In my first two articles I looked at pace in five-furlong handicaps focusing primarily on courses, writes Dave Renham.
The data suggest that some courses offer a much stronger pace edge than others. However, all the research points to the fact that front runners in 5f handicaps have a definite edge almost regardless of where the race is being run. When I say ‘definite edge’ perhaps I should clarify that front runners win far more often than statistically one might expect.
To recap, when I talk about pace my main focus is the initial pace in a race and positions the horses take up in the opening couple of furlongs. As mentioned before the Geegeez website splits pace data into four groups - Led, Prominent, Mid Division and Held Up. These groups are assigned numerical values – led gets 4 points, prominent 3, mid division 2 and held up 1. When I used to tip ‘back in the day’, I created similar pace figures, but used values from 5 to 1, and also used the last six runs rather than the last four. I don’t think there will ever be a ‘perfect’ method for creating pace figures, but I am sure the Geegeez method is as good as any.

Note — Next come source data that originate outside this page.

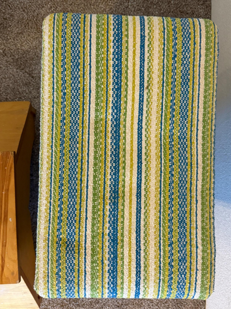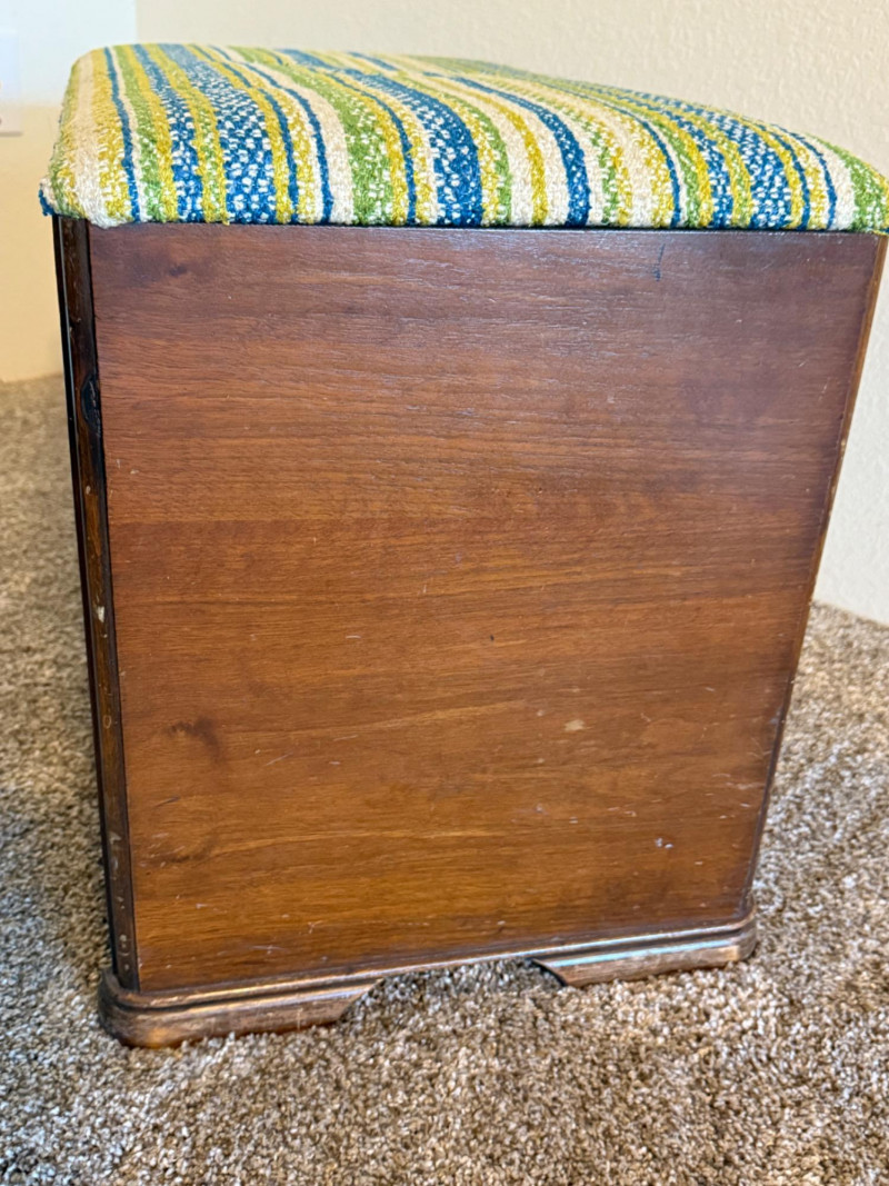 Antique bench is 22x14.5x18” seat height. Blue and green upholstery on an antique vanity bench.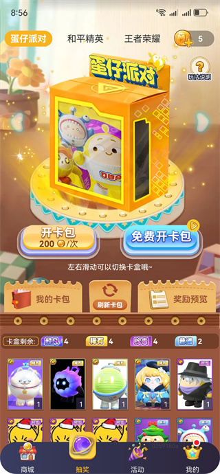 2、提供线上抽奖活动,可以获取不同游戏的福利,左右滑动就可以切换卡盒。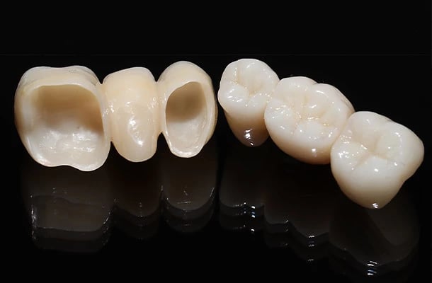 Entdecken Sie unsere hochwertigen Zahnprothesen, Kronen und Brücken.

Horses on the Geegeez racecard pace tab (data view) have their last four UK/Ire runs highlighted, with the most recent run to the left and each horse has an individual total for their last four runs. Hence the highest last four races pace total a horse could achieve is 16 (four 4s), while the lowest is 4 (four 1s). This is assuming of course that they have had at least four career runs.
With such an advantage in 5f handicaps it makes sense to investigate ways of trying to successfully predict the front runner. One starting point would simply be to look at the horse’s combined pace figures in the race in question and choose the horse with the highest figure. Let us look at a recent example to help make this idea clearer to the reader. The race was run on the 31st May at Hamilton – it was a 5 furlong handicap with 7 runners. Pre-race the 7 runners had the following pace totals:
One difficulty for predicting the front runner in this particular race was that you had three horses at the top with very close figures. Also none of the runners had led a race early in more than one of their last four starts meaning that they were not ‘out and out’ front running trail-blazers. As the race panned out, the three most likely front runners took up the first three positions early on: Jabbarockie led narrowly to Jacob’s Pillow who in turn raced just ahead of Dapper Man. Hamilton’s 5f favours front runners reasonably strongly, as can be seen from the green pace ‘blobs’ in the image, and not surprisingly perhaps the winner and runner up came from these three.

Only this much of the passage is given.